Share your dilemmas and get honest opinions from other Mumsnetters.

AIBU for thinking my friend should take more responsibility (inc financially) for plans he cancelled?

188 replies

cinders92 · 05/07/2024 19:55

A long and nuanced one, but if you’ve got some time to spare here goes…

My friend and I have had a trip booked for a concert since the start of the year. It’s a once-in-a lifetime thing for me, for a group that will likely soon stop touring (due to age/illness) and who are my absolute heroes. We have been saving for it ever since we bought the tickets, as we knew we need to travel and stay over (train and hotel).

We had both continuously referenced our plans multiple times since the time it was booked and said how excited we were. About 4 weeks back I messaged him and said we probably needed to get our hotel and train booked as we may run out of options otherwise. I also said that if the times worked well, we could possibly come back the same day via train to save money, but said it would depend on when the event finished (which we didn’t yet know as times hadn’t been published). He agreed.

About 3 weeks before, after finding out the times definitely wouldn’t work for a same-day return, I confirmed with him that we would definitely need to stay over and that we should book our train and hotel very soon before they get booked up. Again, he agreed, and said he would look at hotels and come back to me with suggestions.

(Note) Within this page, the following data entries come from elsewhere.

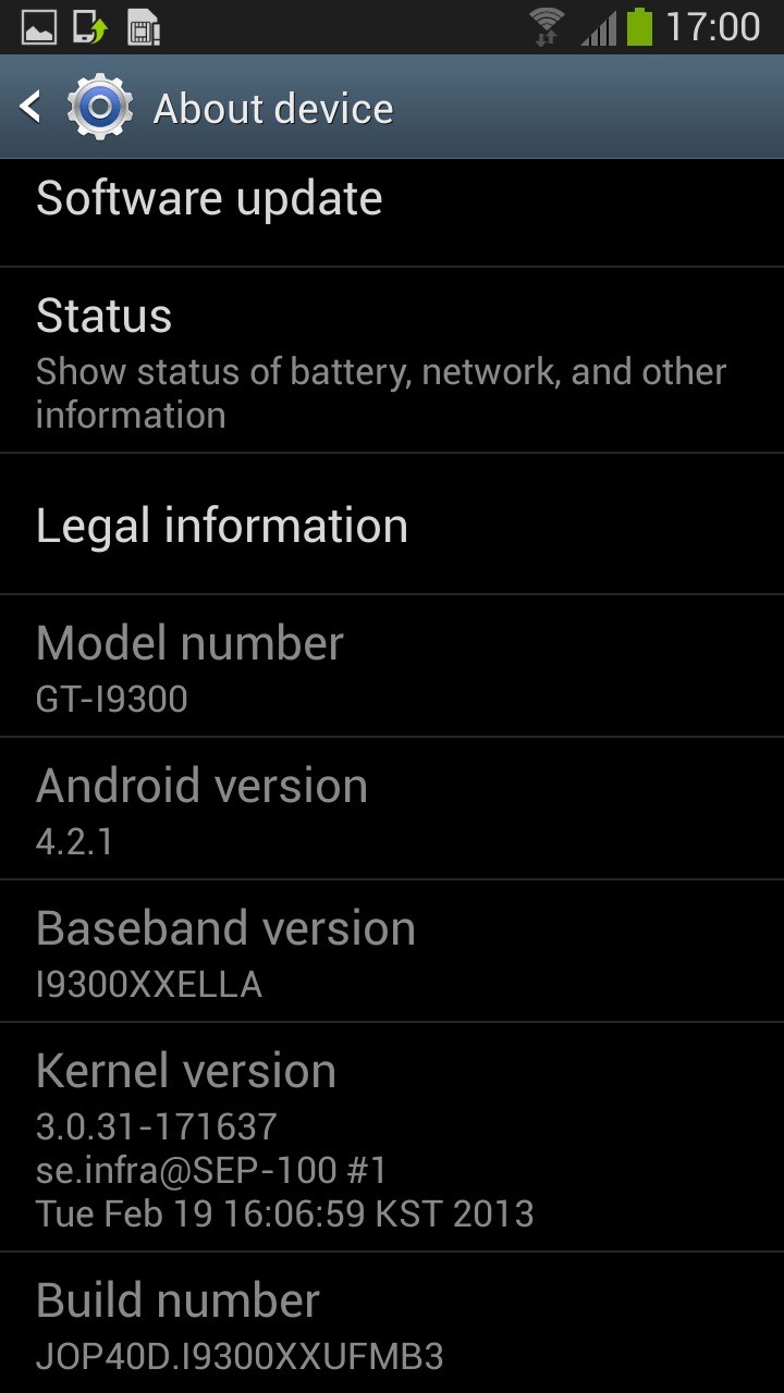 - PDA: I9300XXUFMB3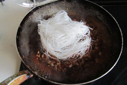 7 烧开后下入泡软的粉丝一起翻炒,再加盖煮上一, 两分钟;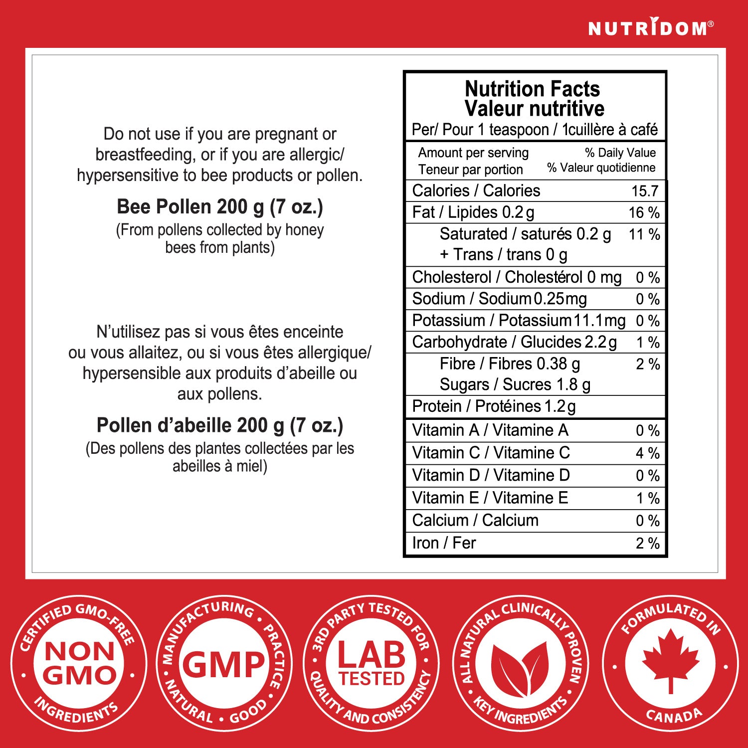 Warning: Do not use if you are pregnant or breastfeeding, or are allergic/hypersensitive to bee products.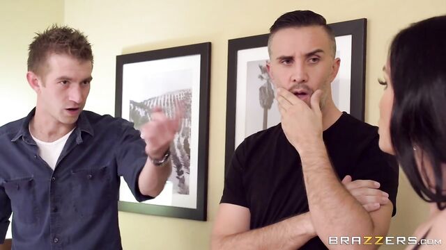 Description:Diamond Foxxx is an undercover cop posing as a stripper to bring in notorious criminals Danny D and Keiran Lee. She almost gets busted when Danny finds her wire, but as soon as she takes out her big fake tits, they forget all about that! She keeps them distracted by deepthroating their big cocks, and then gets in the middle of those big-dicked crooks so they can fuck her pussy and her mouth at the same time. Getting her pussy fucked isn't enough for this slutty MILF, though, so she spread her legs to take those huge dicks deep in her asshole too! The criminal scum double penetrated Diamond just the way she likes and then gave her two massive facials!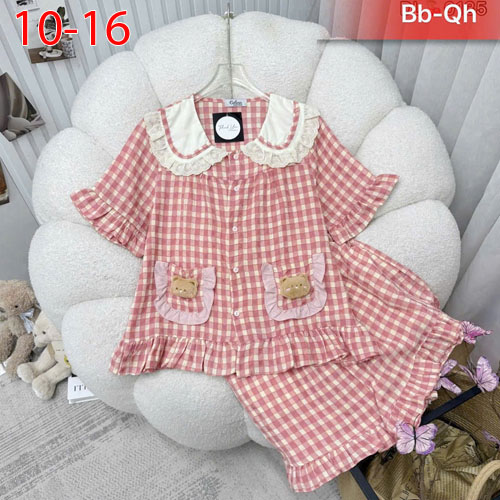 A504305 - Set được may trên chất vải caro coto cổ áo phối ren xinh sắn hình in sắc nét in gấu_Size 1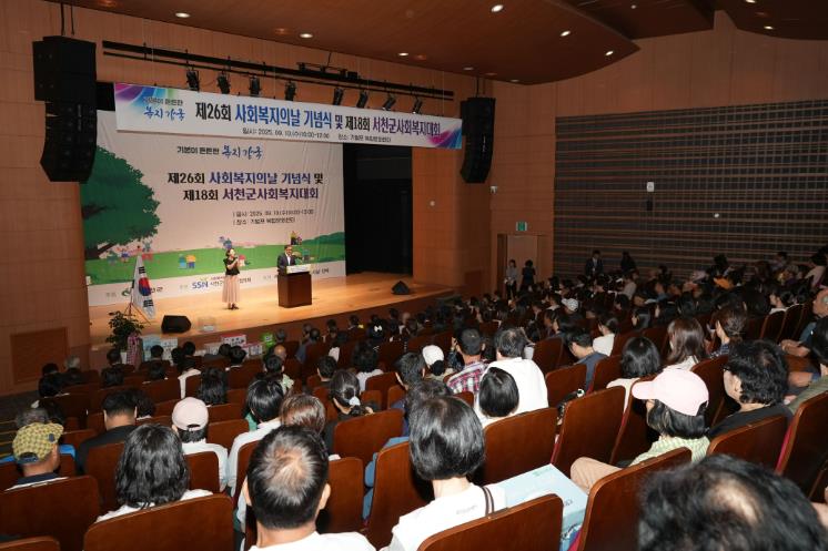[무한뉴스=정민정 기자] 서천군은 지난 10일 장항읍 기벌포 복합문화센터에서 '제26회 사회복지의 날 기념식'과 '제18회 서천군 사회복지대회'를 개최했다.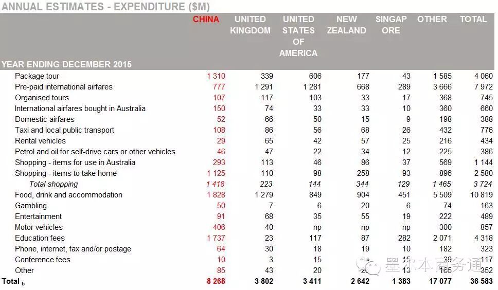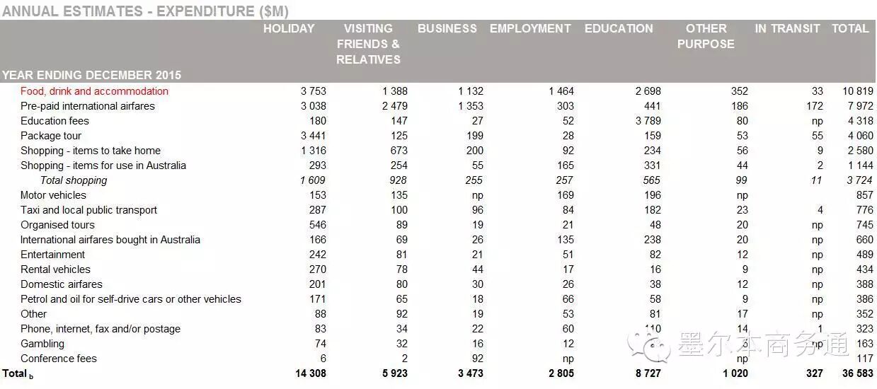 分消费领域看,国际旅客在澳消费支出主要集中在①饮食住宿(Food, drink and accommodation,108.2亿澳元)、②预付国际机票(Pre-paid international airfares,79.7亿澳元)、③旅游套餐(Package tour,40.6亿澳元)、④归国礼品购物(Shopping - items to take home,25.8亿澳元)、⑤在澳消费物品(Shopping - items for use in Australia,11.4亿澳元)、⑥租车(Motor vehicles,8.6亿澳元)、⑦交通费用(Taxi and local public transport,7.8亿澳元)等领域。此外,以教育培训旅客为主消费群的学费支出(Education fees)亦达到43.2亿澳元。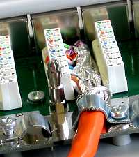 Sind alle Adern korrekt aufgelegt, wird das Abschirmnetz zurückgezogen, zusammen mit dem Kabel unter die Zugentlastungs-Schelle gelegt und festgeklemmt. Die Schellen sind jeweils für ein Kabelpaar, so daß man normalerweise erst noch das zweite Kabel auflegt, bevor die Schraube der Schelle festgezogen wird.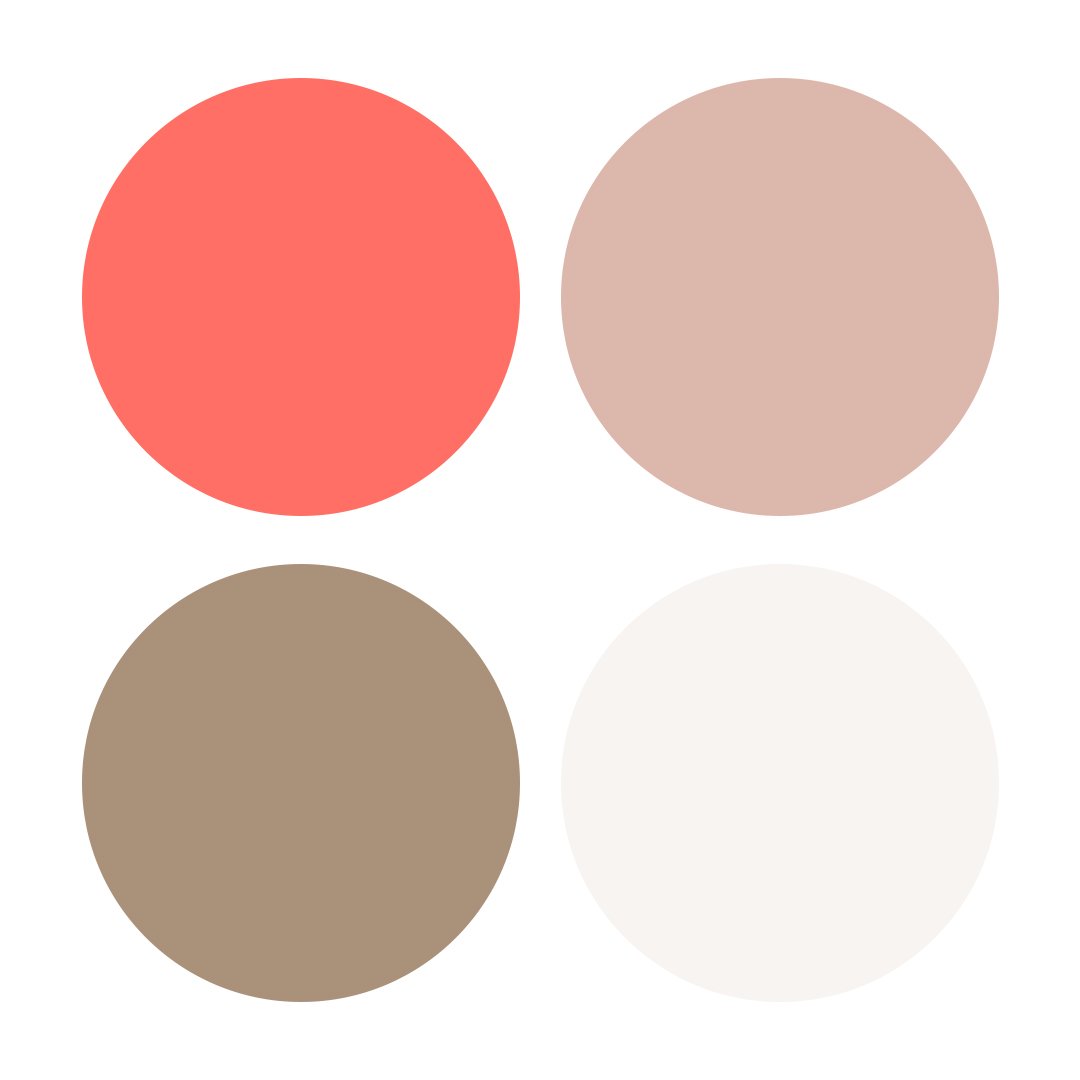 Coral (#F9796C), Dusty Rose (#D6B8AE), Warm Taupe (#A6927D), Eggshell (#F7F4F1)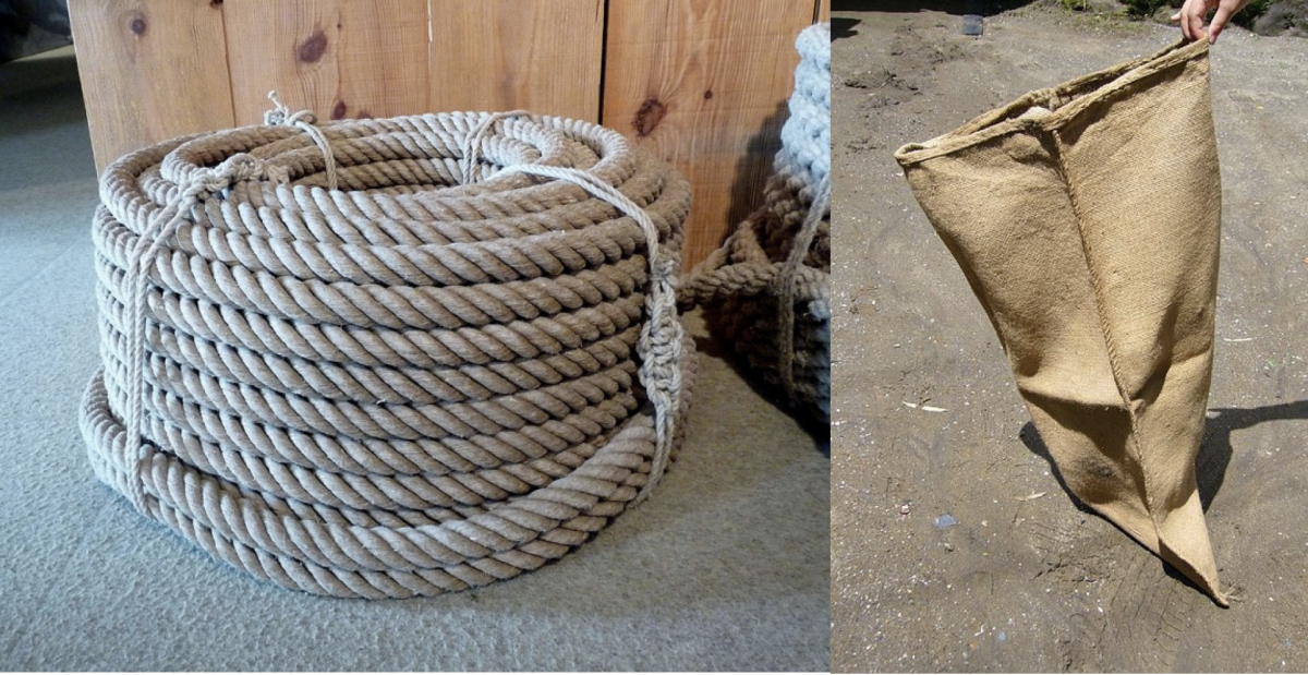 Dây thừng và bvao tải làm từ gai dầu. (Ảnh: Internet)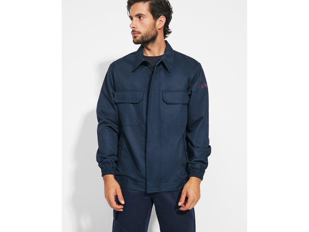 Bunda z nehořlavé látky s celopropínacím zipem s klopou se zapínáním na suchý zip. Bunda má dvě přední kapsy na hrudi s klopou a zapínáním na suchý zip, dvě boční kapsy s klopou a knoflíkem a elastické manžety. Stahovací elastický boční lem. Vyhovuje normě CE dle následujících norem: UNE-EN ISO 13688:2013/A1:2021; UNE-EN ISO 11611:2017: Clase2; UNE-EN ISO 11612:2018: A1, B1, C1, E3, F1; UNE-EN 1149-5:2008; UNE-EN 61482-1-2:2015: APC = 1Doplňkové parametry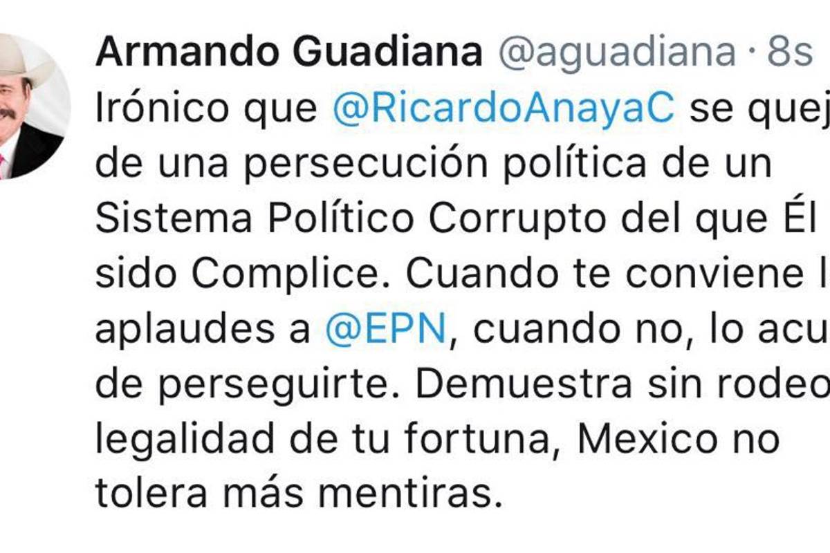 A través de sus redes sociales, el ahora postulado por Morena para la segunda fórmula por el Senado de la República, dijo que la supuesta persecución que ha denunciado Ricardo Anaya, proviene de un sistema corrupto del cual ha sido cómplice dicho candidato.

He didn’t come back and so about 2 weeks out from the event I sent a link to one of the most reasonably priced hotels in the area to ask him what he thought and whether he was happy for me to book that one.

It’s at this point he lets me know that he can no longer go as he can’t afford it. He tells me he had “completely forgotten” and once he did remember he thought we would be returning the same day because I had mentioned it that one time. I told him I thought I had made it clear that that was a big “if”, as it was dependent on event times, but offered to cover the cost of the hotel for now, as I assumed he had the rest saved seeing as the issue was (supposedly) me mentioning the same-day return.

He then said that, actually, he might be able to lend money off someone else and he would come back to me.

A day later (at this point we’re at under two weeks out from the event) he lets me know he definitely won’t be able to go and apologises for letting me down, but says it’s simply not feasible for him financially and that he “can’t help that”.

At this point I tell him I’m confused as I had already offered to cover the hotel and asked “Surely you have the rest saved”… (£100-£150) …”as we have had this booked since the start of the year and you haven’t mentioned any issues up until this past week, which you said was just due to hotel?”

He tells me he didn’t have any money put to one side for it at all as his financial situation had changed (moved to a more expensive home) very shortly after he had booked the ticket and he didn’t realise he wouldn’t be able to go after reviewing his finances for the past few months just now (after 3+ months in said-new home.)

While I totally understand affordability I’m confused and incredibly annoyed as to why he would leave it this late to tell me. I am also all the more annoyed as I know he has been going for nice meals with his new partner and also bought them quite an extravagant gift (£400+) very recently - not for any occasion, mind, just as a random present.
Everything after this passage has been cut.